The Hebrew sense of in vain means to take up for unreality. So any use of God’s name that is false, idle, frivolous, or insincere violates this command. Jesus exposes oath games designed to keep God out of deals. There is no way to keep God out. Let yes be yes. Let no be no. The trade in borrowed authority also shows up in God told me stamped on personal desires. That is forgery. It is identity theft. God’s gift of speech can exalt his name or stain it. The tree is known by its fruit, and the mouth tells the truth about the heart.
Key Takeaways
- 1. God’s name reveals God’s character [28:31] God’s name is not a tag but God’s reputation at work in the world. To bless the name is to bless God, and to misuse the name is to misrepresent who God is. Treating the name lightly hollows out reverence and confuses the watching world about God’s holiness. Honor the name to honor the One who bears it. [28:31]

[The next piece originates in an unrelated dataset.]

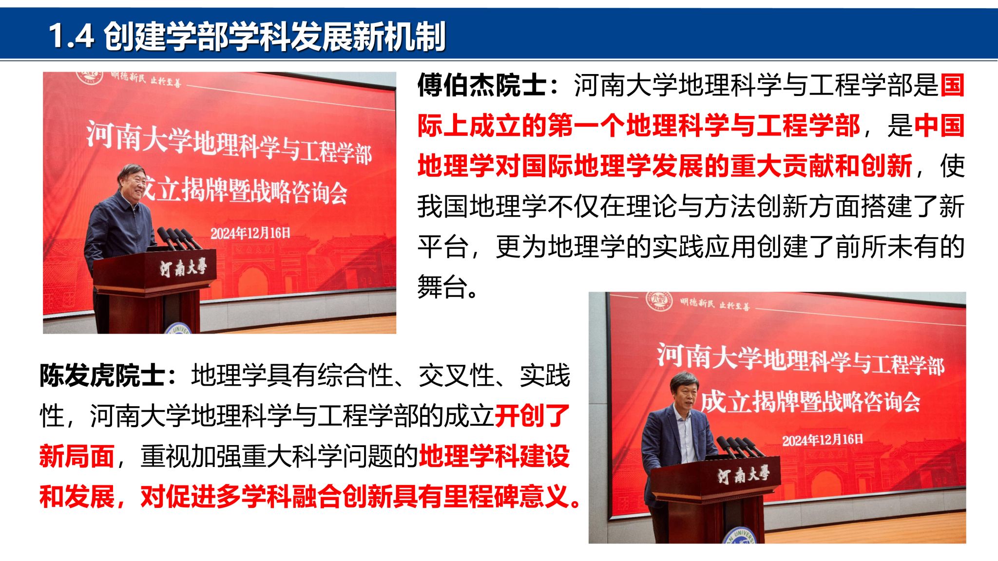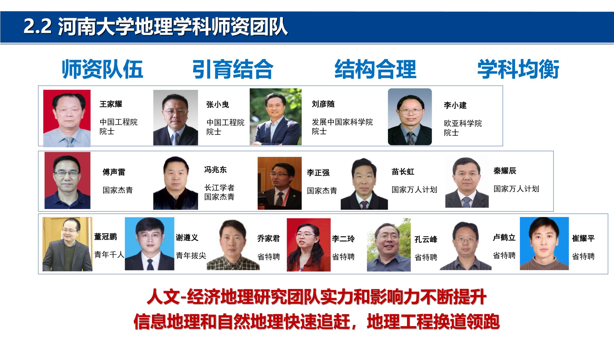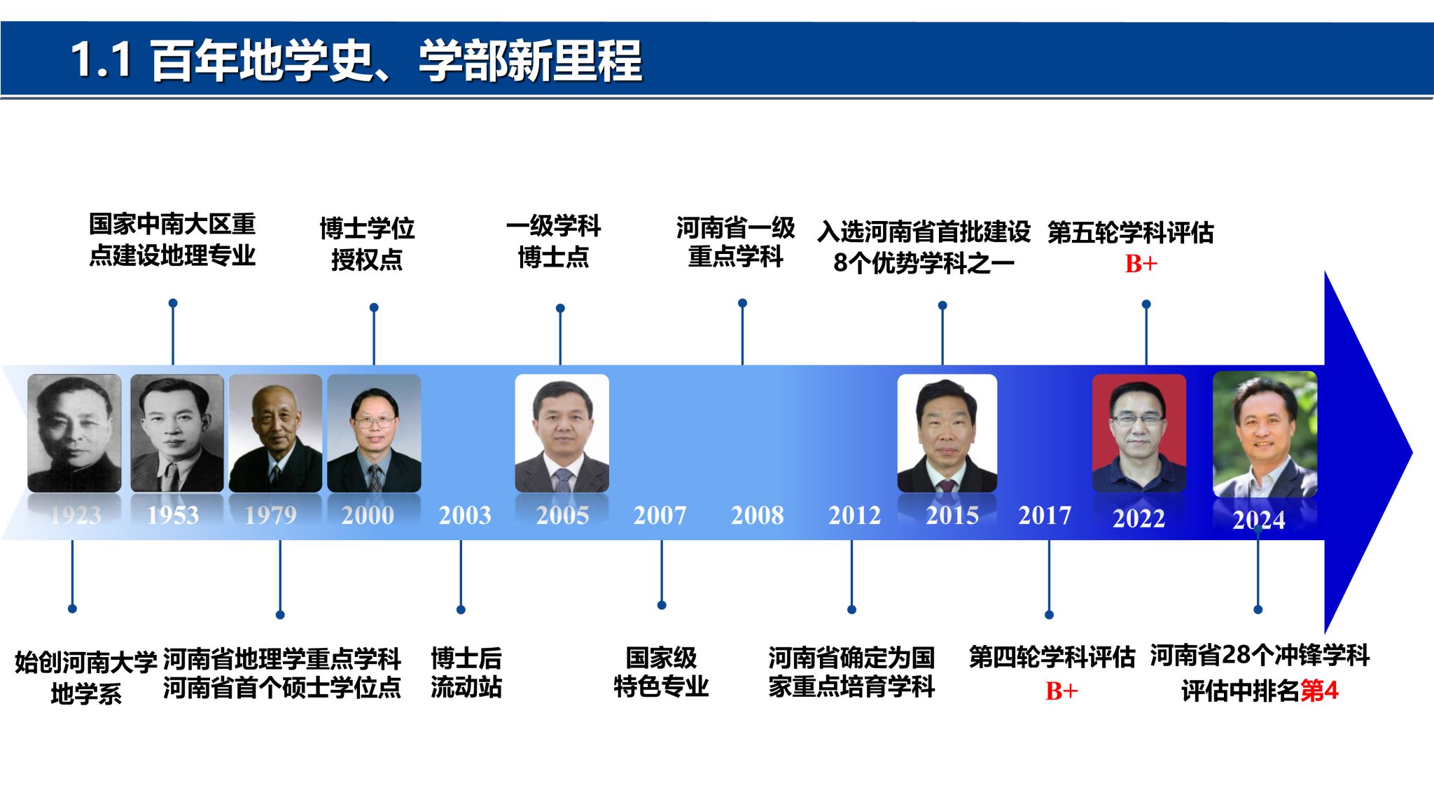 院士)冯景兰教授。经过几代地理人的筚路蓝缕、奋力拼搏,地理科学与工程学部在教学科研、学科建设、人才培养、社会服务等方面取得了突出的成绩,得到社会各界一致赞誉。地理学科在国家第四、第五轮学科评估中为B+位次,2024年在河南省28个冲锋学科评估中排名第4。

- 2. Profanity profanes what God made holy [31:49] Profanity starts in the heart that drags the sacred into the street. Words matter because they signal whether a person treats bodies, judgment, and God himself as weighty or disposable. Reverence disciplines the tongue, not out of fussiness, but out of love for what God calls his temple. Clean speech grows from a clean regard for holiness. [31:49]

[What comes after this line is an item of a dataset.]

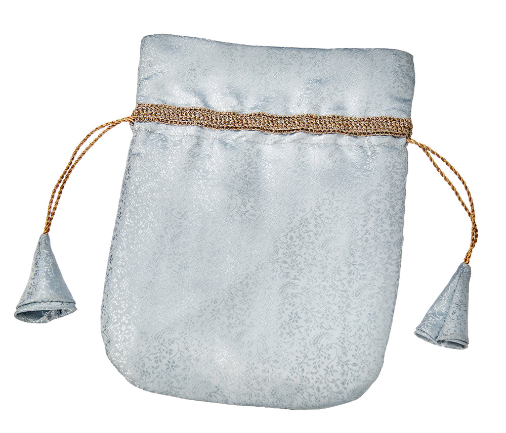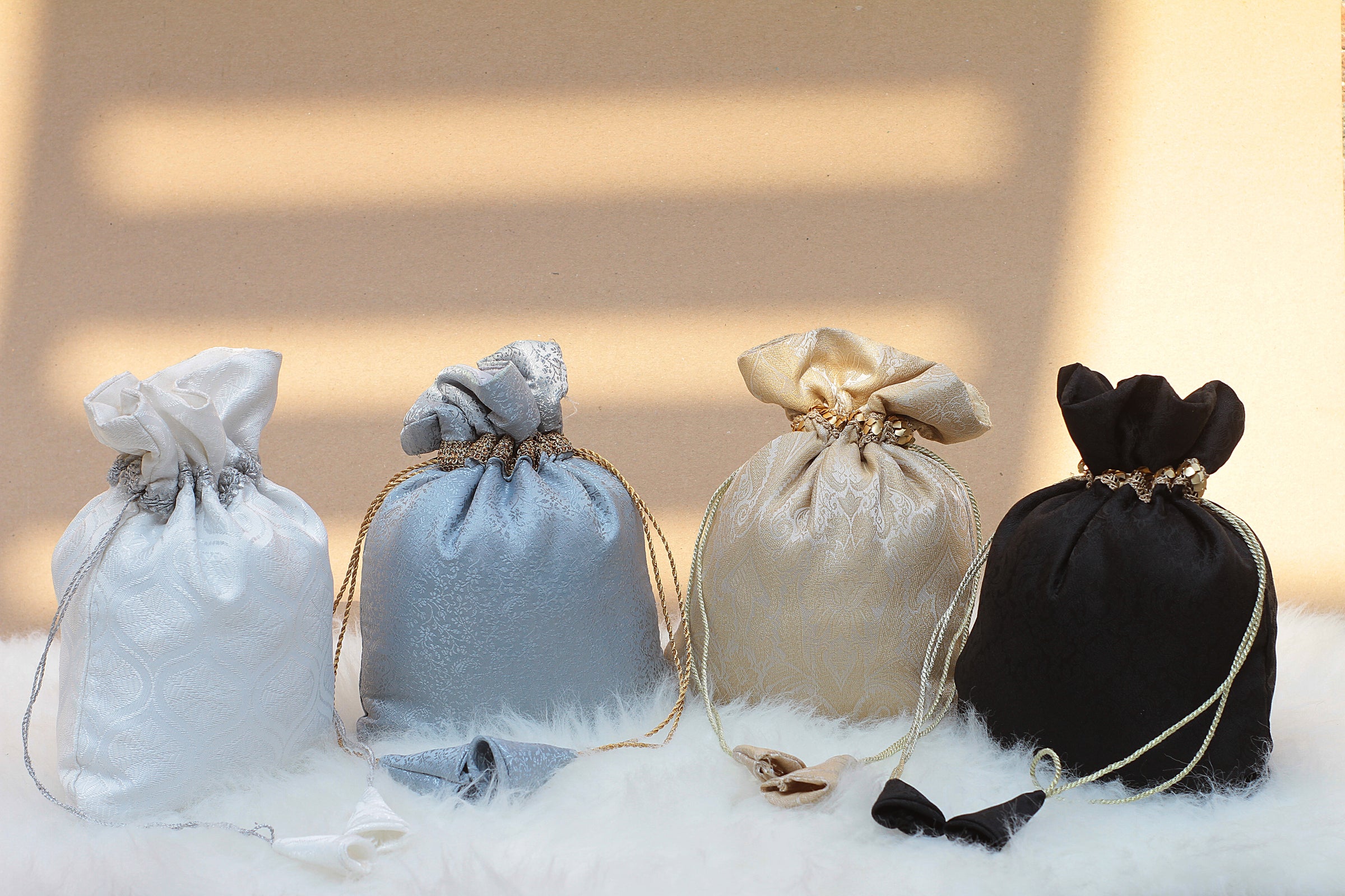 This handmade drawstring pouch, crafted from beautiful handloomed silk, perfectly matches the Nawal Flats from our shoe collection. We used exquisite brocade fabric, bordered with traditional gota patti lace. The pouch is spacious enough to fit your mobile phone.

- 3. Let your yes be yes [19:43] Jesus removes the verbal scaffolding of oaths because God already stands in every transaction. Truthful people do not need spiritual-sounding guarantees to be believed. Integrity makes the tongue simple and sturdy, so commitments do not wobble when convenience changes. Speak plainly and keep the promise your words make. [19:43]
- 4. Do not forge God’s signature [37:19] Saying God told me to rubber-stamp personal wishes is a kind of identity theft. Humility tests impressions against Scripture, the Spirit’s fruit, and wise counsel before invoking God’s name. False certainty can wound others and harden the heart to correction. Let God’s authority rest on what God has truly said. [37:19]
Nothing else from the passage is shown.